[[ INFORMATION, beginning ]]
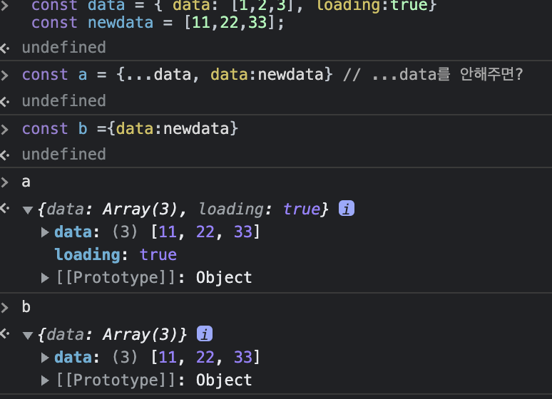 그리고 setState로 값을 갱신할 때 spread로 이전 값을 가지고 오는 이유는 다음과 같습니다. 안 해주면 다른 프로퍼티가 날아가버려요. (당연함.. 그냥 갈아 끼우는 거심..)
[[ INFORMATION, end ]]
[[ INFORMATION, beginning ]]
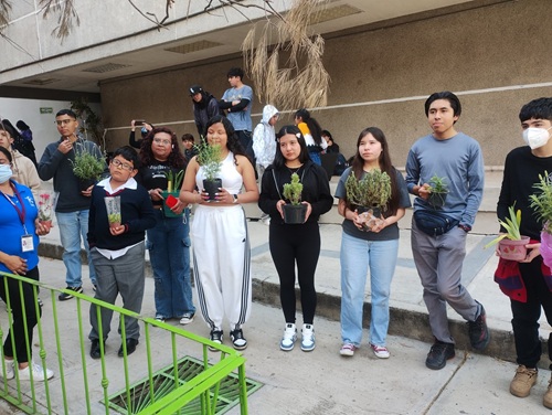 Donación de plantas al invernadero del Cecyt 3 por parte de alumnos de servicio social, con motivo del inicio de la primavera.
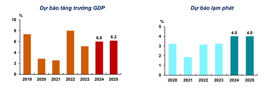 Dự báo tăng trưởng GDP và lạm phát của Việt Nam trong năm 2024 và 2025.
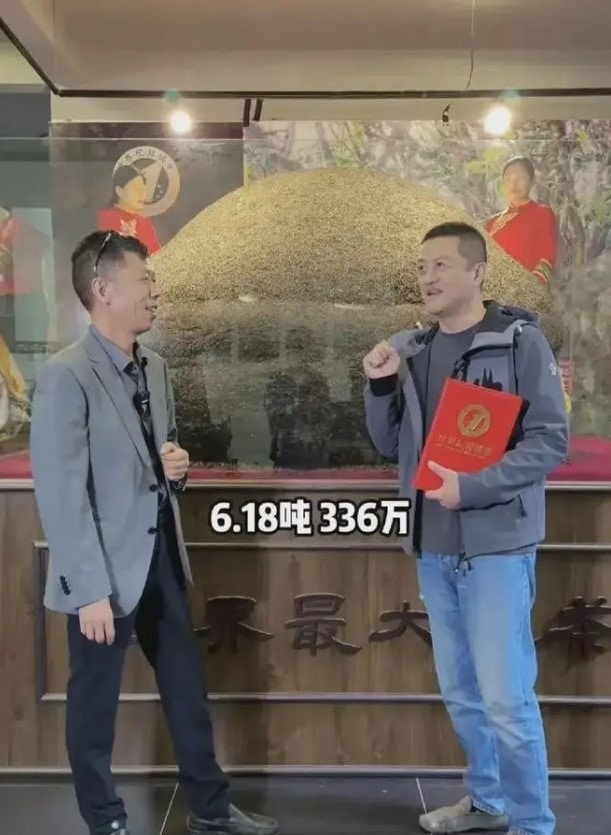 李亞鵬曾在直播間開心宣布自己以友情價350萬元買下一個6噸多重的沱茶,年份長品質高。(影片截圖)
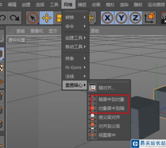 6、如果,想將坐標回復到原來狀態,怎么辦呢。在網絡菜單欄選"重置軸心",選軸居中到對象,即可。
[[ INFORMATION, end ]]
[[ INFORMATION, beginning ]]
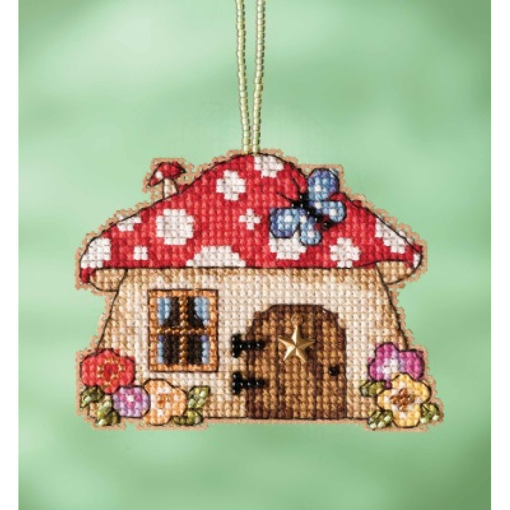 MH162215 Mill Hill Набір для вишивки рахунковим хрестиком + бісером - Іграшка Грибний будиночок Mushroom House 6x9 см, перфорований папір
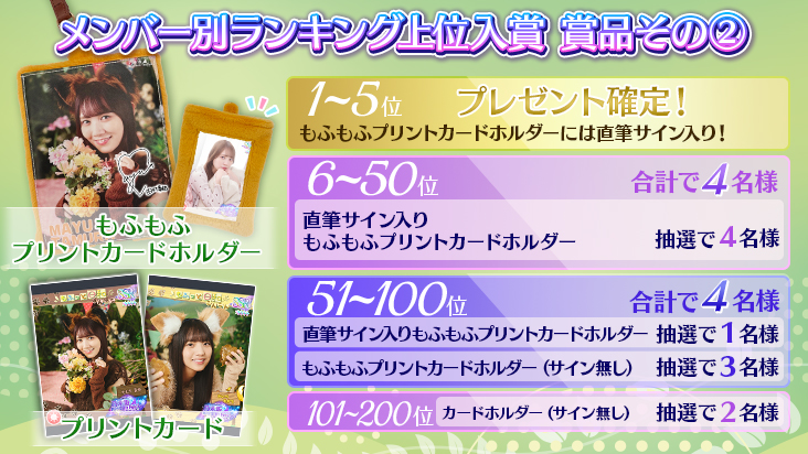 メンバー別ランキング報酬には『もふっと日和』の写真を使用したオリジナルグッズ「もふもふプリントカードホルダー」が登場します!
[[ INFORMATION, end ]]
Your task is to copy only the lines above starting at the one containing "Dự báo tăng" and ending at the one containing "6、如果,想將坐標回復到原來". Copy them exactly, both ends included, and omit the pictures.

## RESULT FOR THIS TASK
 Dự báo tăng trưởng GDP và lạm phát của Việt Nam trong năm 2024 và 2025.
 李亞鵬曾在直播間開心宣布自己以友情價350萬元買下一個6噸多重的沱茶,年份長品質高。(影片截圖)
 6、如果,想將坐標回復到原來狀態,怎么辦呢。在網絡菜單欄選"重置軸心",選軸居中到對象,即可。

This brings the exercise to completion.